Весь свой рассказ я смотрел то на небо, то на поля. Покусывал травинку. Когда сплюнул, глянул на Муху. Старлей уставился на меня внимательно и пристально. Даже почти не моргал.

В глазах его отразилось тяжелое понимание. А еще — едва заметно поблескивал скрытый где-то в глубинах души страх. Страх этот был почти неуловим. Почти не видим. Но тусклые его огоньки поблескивали на радужках глаз старшего лейтенанта.

Но неумолимое упрямство в конце концов взяло верх над Мухой.

— Война идет. Сломался человек. Всякое бывает.

— Сломался не он, товарищ старший лейтенант. Сломалась система, которую он создал. Система, где все висит на одной шее. Вы сейчас — как он перед тем штурмом. Вы везете все: и оперативку по проповеднику, и подозрения на своих информаторов, и Плюхина, и Бычку после того пацана, и Волкова с его подковерными играми, и теперь еще этот план со скрытным проникновением в кишлак. Вы пытаетесь контролировать каждый чих в кишлаке и каждый вздох в нашем взводе. А кто контролирует вас? Кто вас подстрахует, когда вы, измотанный в хлам, пропустите ту самую «мелочь»? Ту самую трещину в стене? Ту самую фразу в докладе? Тот самый нервный взгляд бойца в нужный момент? Мы — не идиоты. Волков — карьерист, но хороший солдат.

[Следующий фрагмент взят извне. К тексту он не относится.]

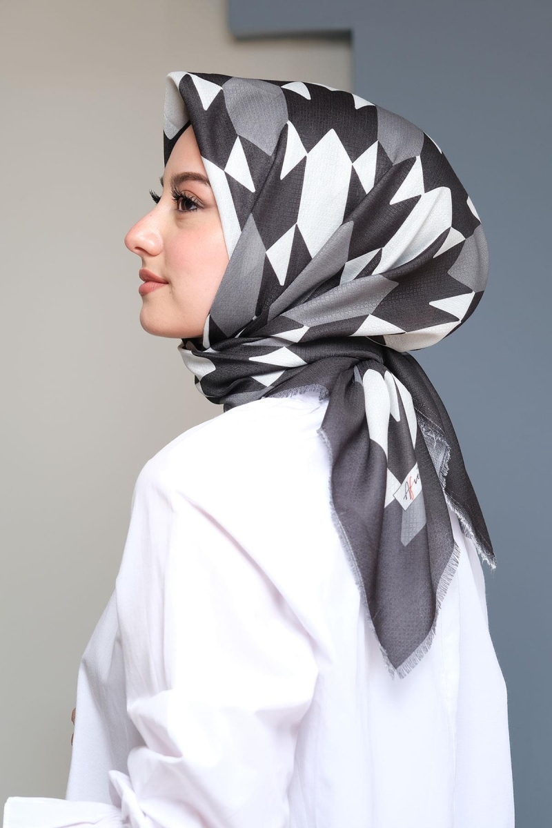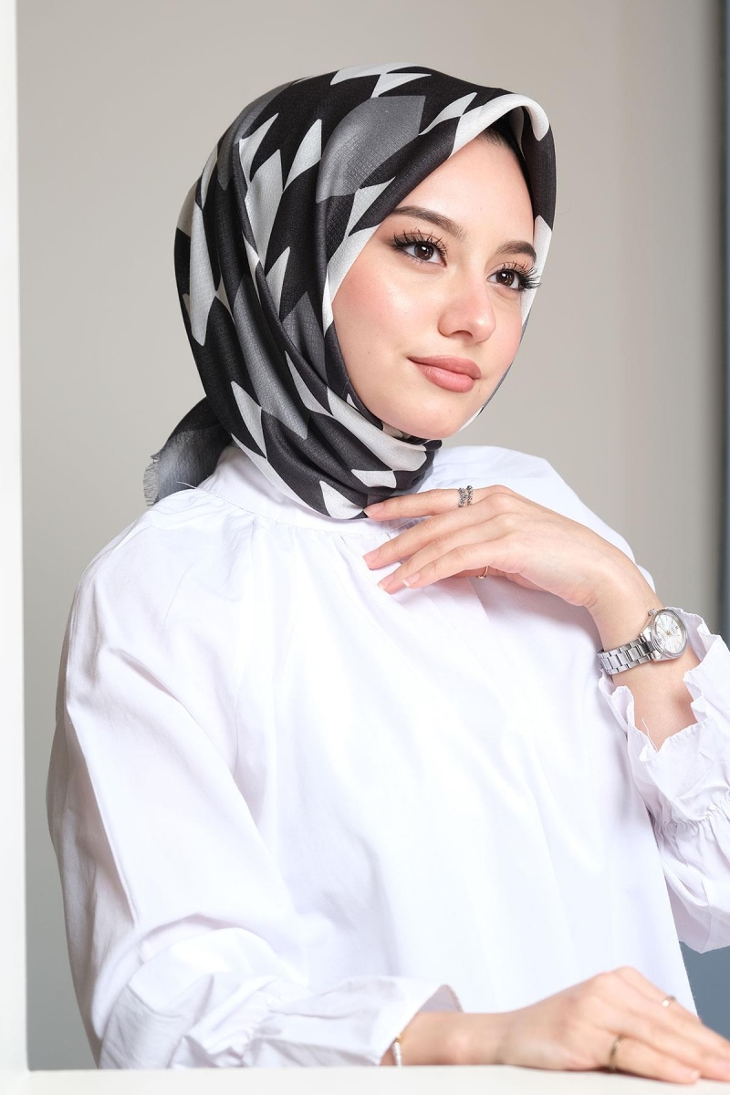 Geometrik Desen Siyah - Beyaz Pamuk Eşarp;Ölçü:95x95;Kumaş:%50 Pamuk %50 Polyester;Dört mevsim kullanıma uygundur.;Kolayca şekil alır, önü tok ve dik durur.; Solmaya ve kırışmaya dayanıklıdır.; İç göstermez,kayma yapmaz.; Ütü gerektirmez.;Kullanılan ışıklardan dolayı renk farklılıkları olabilir.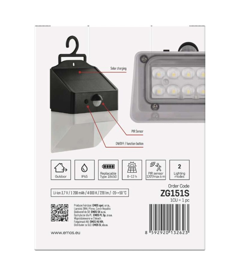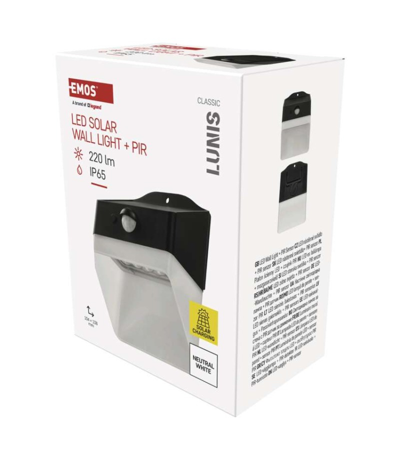 Oprawa LED Garden LUNIS solarna 220 lm, PIR, NW EMOS ZG151S Akumulator: Li-Ion 1 200 mAh Barwa światła: neutralna biel Czas świecenia: 35 godzin Częstotliwość: nie dotyczy Czujnik PIR: tak Długość przewodu wejściowego: nie dotyczy Flicker-free: nie miga Indeks oddawania...

Бычка — потрясен, но боец. Я может и мятежник в ваших глазах, но никогда не был предателем. И в глубине души вы понимаете мои мотивы. Повторюсь: вы — это не весь ваш взвод. Надо это понять. Или история того полковника повторится. Здесь. С нами. И виноват будете только вы. Потому что не доверяли своим парням.

Муха засопел. Но ничего не сказал. По крайней мере сразу. Пару минут мы просто ехали молча. Потом он хмыкнул:

— А как того полкана звали?

— Волынский, вроде. Геннадий Викторович.

Муха задумался.

— Знавал я одного Волынского. И он тоже Геннадий Викторович. Да только никакой он не полковник. Майор. А каким полком твой Волынский командовал?

— Да не помню уже, — беззаботно пожав плечами, солгал я. — Может, тезка вашего знакомого майора.

— Полный? — Муха вопросительно приподнял бровь.

— Полный.

Больше ничего старлей мне не сказал. Пути нам оставалось совсем немного, и теперь, до самой заставы Муха сделался молчаливым и задумчивым.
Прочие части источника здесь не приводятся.